Estas medidas, que podem ser aplicadas durante vários anos, permitem a alimentação e hidratação através da administração de suplementos ou soro por via de um cateter ou sonda nasogástrica, prolongando a vida. A importância do TV, neste caso, é sublinhada pelo especialista. «A questão é se, em determinadas circunstâncias, nomeadamente no estado vegetativo permanente, esta medida não deve ser considerada desproporcionada», refere.

«Na maior parte dos casos, está a prolongar-se a vida sem que a pessoa tenha opinado e está a prolongar-se uma situação que não tem qualquer hipótese de sobrevivência. Esta deve, pois, ser uma decisão pessoal e tomada quando se está em condições de o fazer», adverte Rui Nunes. «Considero que não existem vantagens na aplicação destas medidas que prolongam a vida mas com grande sofrimento, sobretudo para a família e, eventualmente, para a própria pessoa, porque não sabemos se, apesar de o córtex cerebral estar destruído, não há sofrimento», opina ainda.

«Participar em estudos de fase experimental, investigação científica ou ensaios clínicos»

Concordar com este item significa que «em situação de incapacidade, está disponível para participar em estudos que visam aumentar o conhecimento (investigação científica) e podem implicar manipular o corpo humano (estudos de fase experimental) ou testar novos medicamentos (ensaios clínicos). Se houver rigor científico, há vantagens em participar que não são de interesse particular, nomeadamente aumentar o conhecimento científico para próximos doentes nas mesmas circunstâncias», diz Rui Nunes.

«Mas há também casos em que a investigação tem benefício terapêutico para o próprio doente», acrescenta. «A pessoa é livre de não querer participar mas considero que, eticamente, não o deveria fazer. Se todos usufruímos da investigação que tem sido feita, então todos devemos contribuir», refere ainda, sem deixar de evidenciar os potenciais riscos destes estudos.

«Estas iniciativas são supervisionadas por comissões de ética para que o risco seja o menor possível. Um cientista só pode propor um projecto de investigação se daí derivar benefício para o doente ou para a sociedade e se a relação risco/benefício for sempre muito a favor do benefício», opina o especialista.

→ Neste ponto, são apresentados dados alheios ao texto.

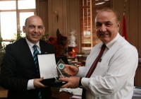 Ali Kamil Uzun tarafından Rektör Prof. Dr. M. Yavuz Coşkun’a plaket takdim edildiği ziyarette, Rektör Prof. Dr. Coşkun tarafından ise panalistlere hediye takdim edildi.
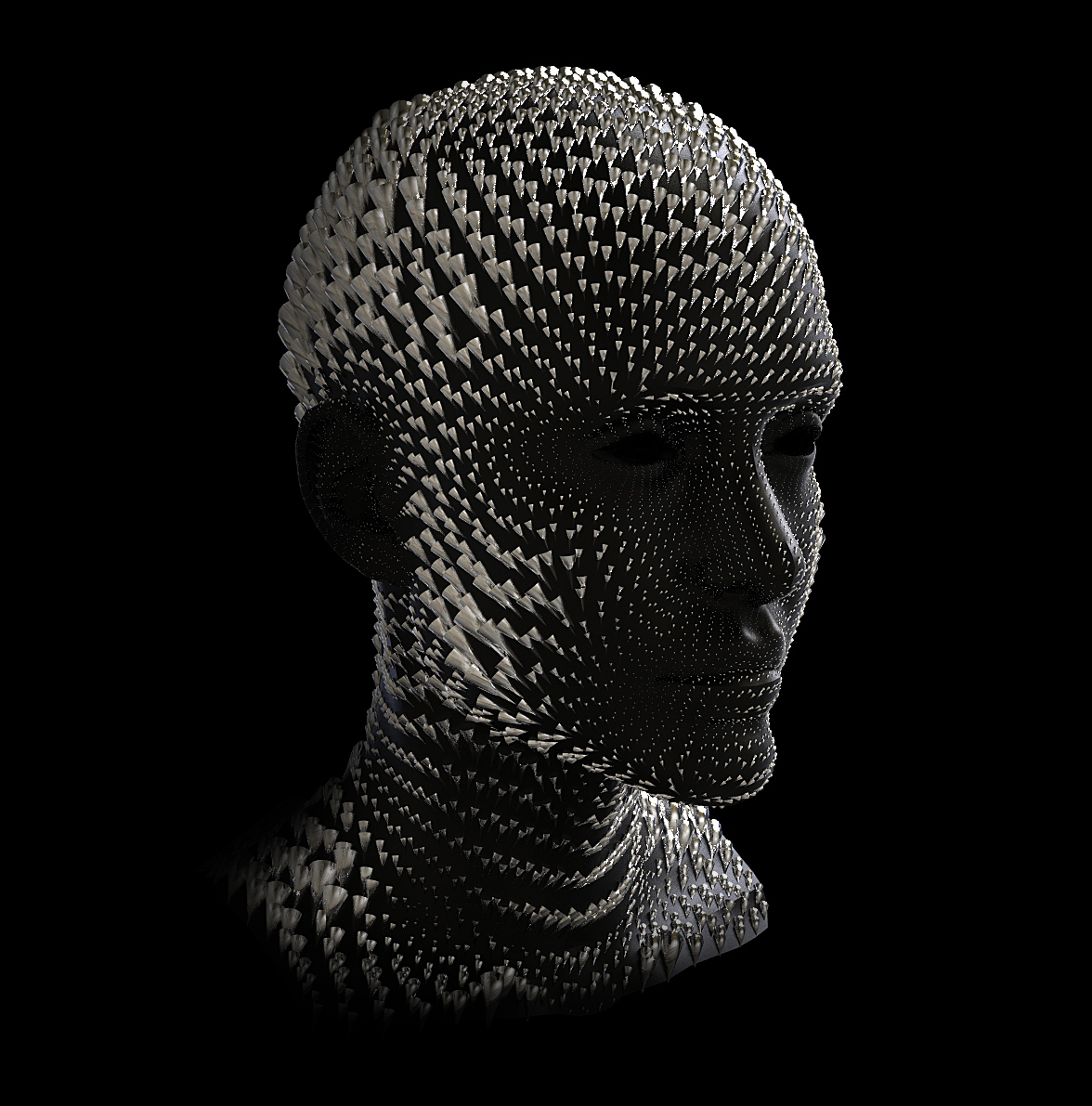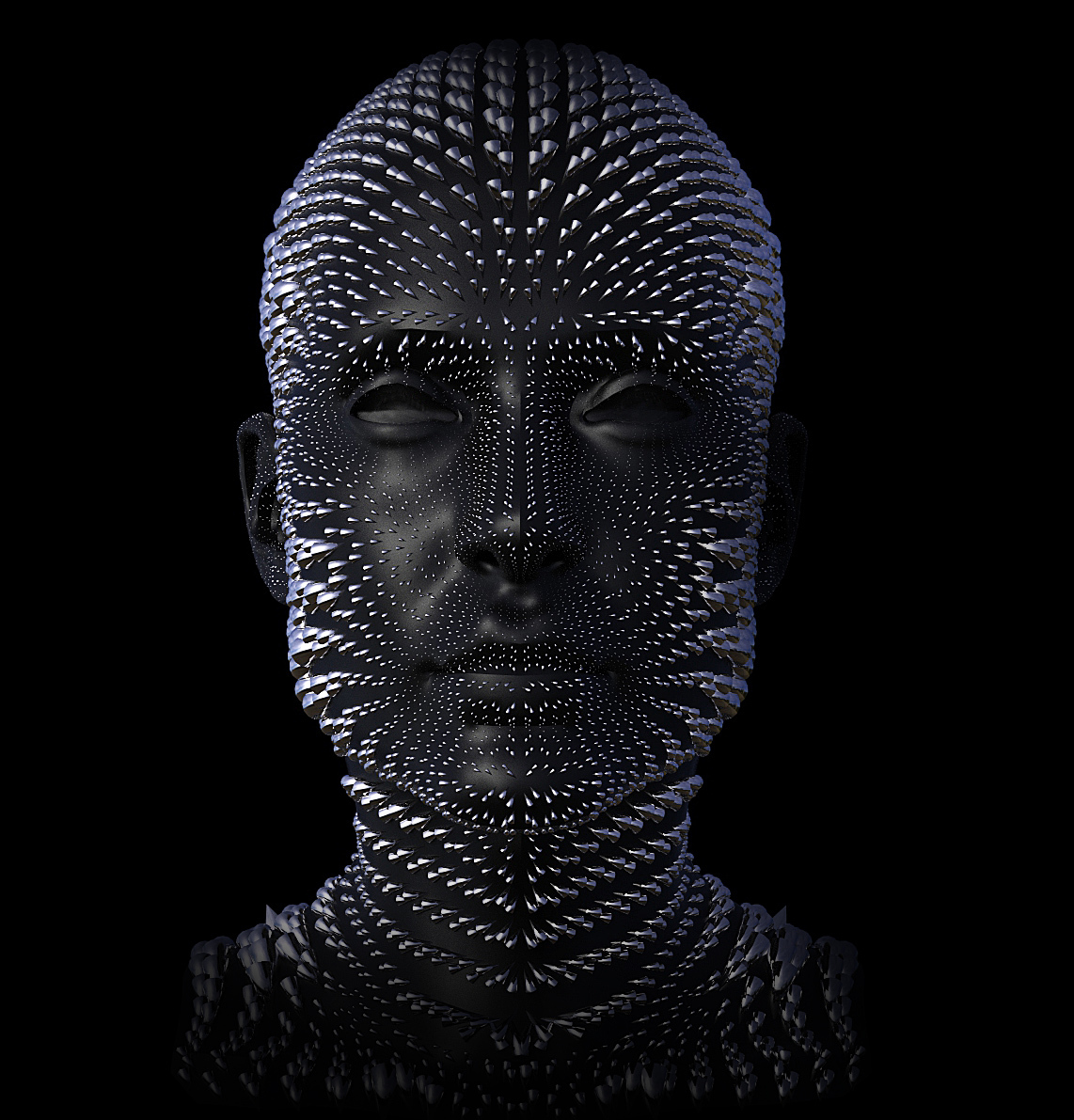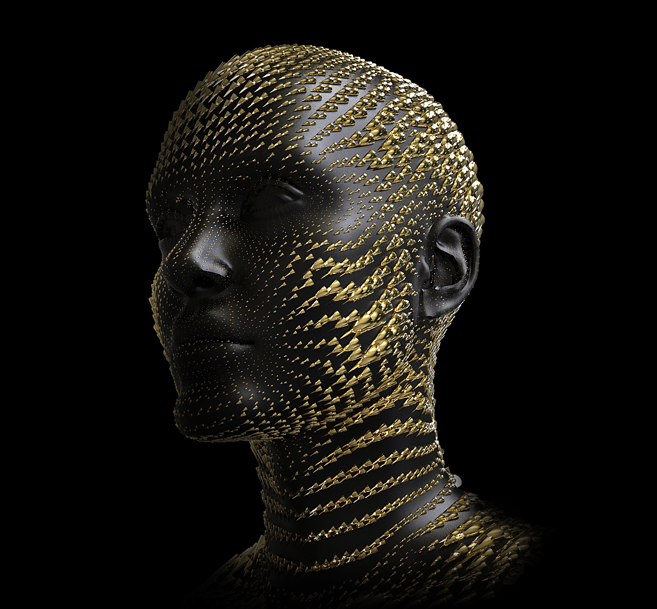 This 3D Make-up mask series have been created using computer digital techniques to generate a variable pattern that follows face features and topology of a given head characteristics, size, shape, surface curvature, etc. The same pattern of the 3D make-up will look differently on every face and head and emphasize a character of who is wearing the mask. Also, the material and colour of the make-up mask can be different. By varying colour and material different look and character can be achieved.

«Não ser submetido a tratamentos que se encontrem em fase experimental»

Aderir a um tratamento em fase experimental significa submeter-se à toma de um medicamento ou a um tratamento cirúrgico ainda sob investigação científica. A probabilidade de êxito é superior à de um ensaio clínico, fase laboratorial anterior a este tipo de tratamento. «O benefício potencial é o do doente ganhar com aquele tratamento experimental, nomeadamente em caso de doença terminal para a qual não há alternativa», esclarece Rui Nunes. Tal como outros, também estes tratamentos encerram potenciais riscos.

«Podem não surtir o efeito desejado, envolvendo riscos para a saúde e antecipar a morte, por exemplo quando se trata de uma técnica cirúrgica. Contudo, nenhum médico propõe um tratamento se não tiver uma razoável presunção que será benéfico», sublinha o especialista. «Interromper tratamentos que se encontrem em fase experimental ou a participação em programas de investigação científica ou ensaios clínicos, para os quais tenha dado prévio consentimento», diz. É uma salvaguarda para casos em que ocorre «o agravamento do estado de saúde e a situação de incapacidade de um doente que aceitou participar neste tipo de tratamentos ou programas.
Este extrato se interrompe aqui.